The AFGE union, which represents most employees of the VA, has said a newly offered bipartisan proposal in the Senate (S-1094) on disciplinary and appeals practices at the department would leave too much power in the hands of management.

“This legislation is the antithesis of accountability because it would allow corrupt or incompetent managers to get away with firing anyone who challenges them. Real accountability would strengthen, not weaken, protections for the rank-and-file employees who are subjected to mismanagement, abuse, and political corruption,” AFGE president J. David Cox Sr. said in a statement.

The measure would shorten disciplinary timeframes and lower the burden of proof required to support a disciplinary action on appeal to the MSPB: an agency decision would stand even if supported only by “substantial” evidence, not the majority.
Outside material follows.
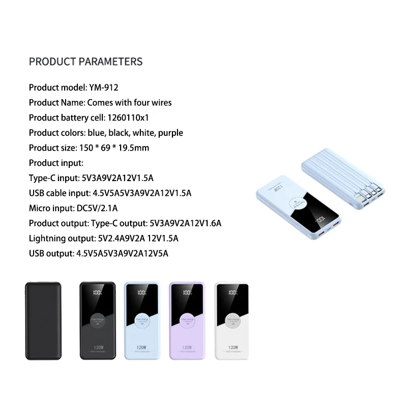 Features: Four Wire,Digital display, Large Capacity, Dual USB+Type-c

While the negotiated grievance process would remain available as a route to challenge discipline, it too would be changed in those ways.
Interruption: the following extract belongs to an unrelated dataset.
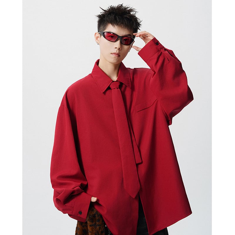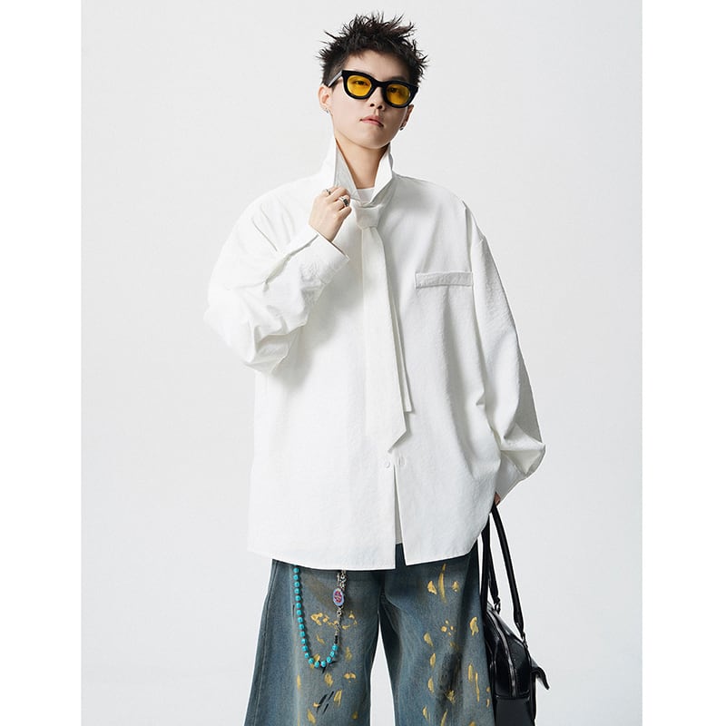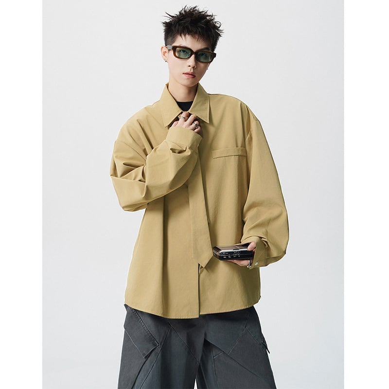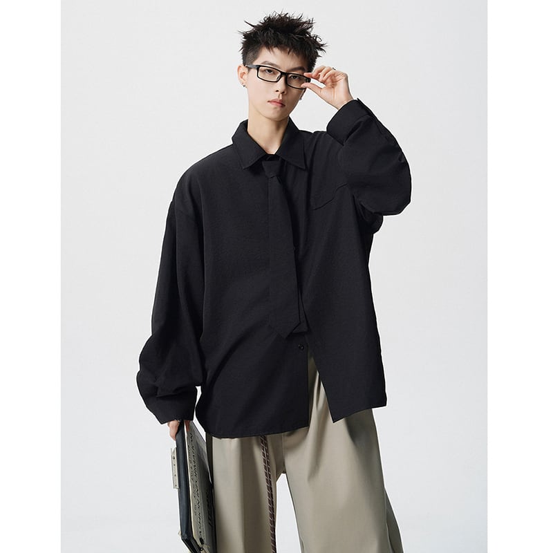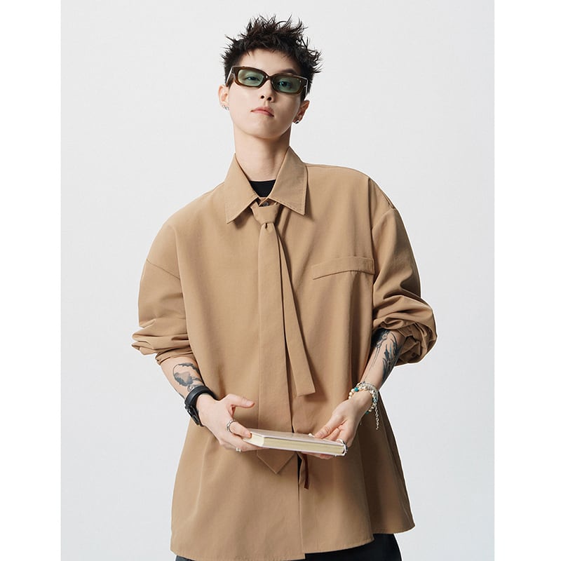 ♥デザイン性抜群の春先取りスタイル!【CEXUシリーズ】★シャツ★ 4color ネクタイ付き トップス 男女兼用 メンズ シンプル 無地

“All this legislation does is hand more power to the VA executives and political appointees who failed our veterans in the first place by creating fake wait lists and hiding an outbreak of deadly Legionnaires’ disease. Why are we rewarding incompetent leaders by giving them more opportunities to throw rank-and-file workers under the bus?” he said.

A similar but more restrictive bill (HR-1259) passed the House earlier this year but has not advanced in the Senate.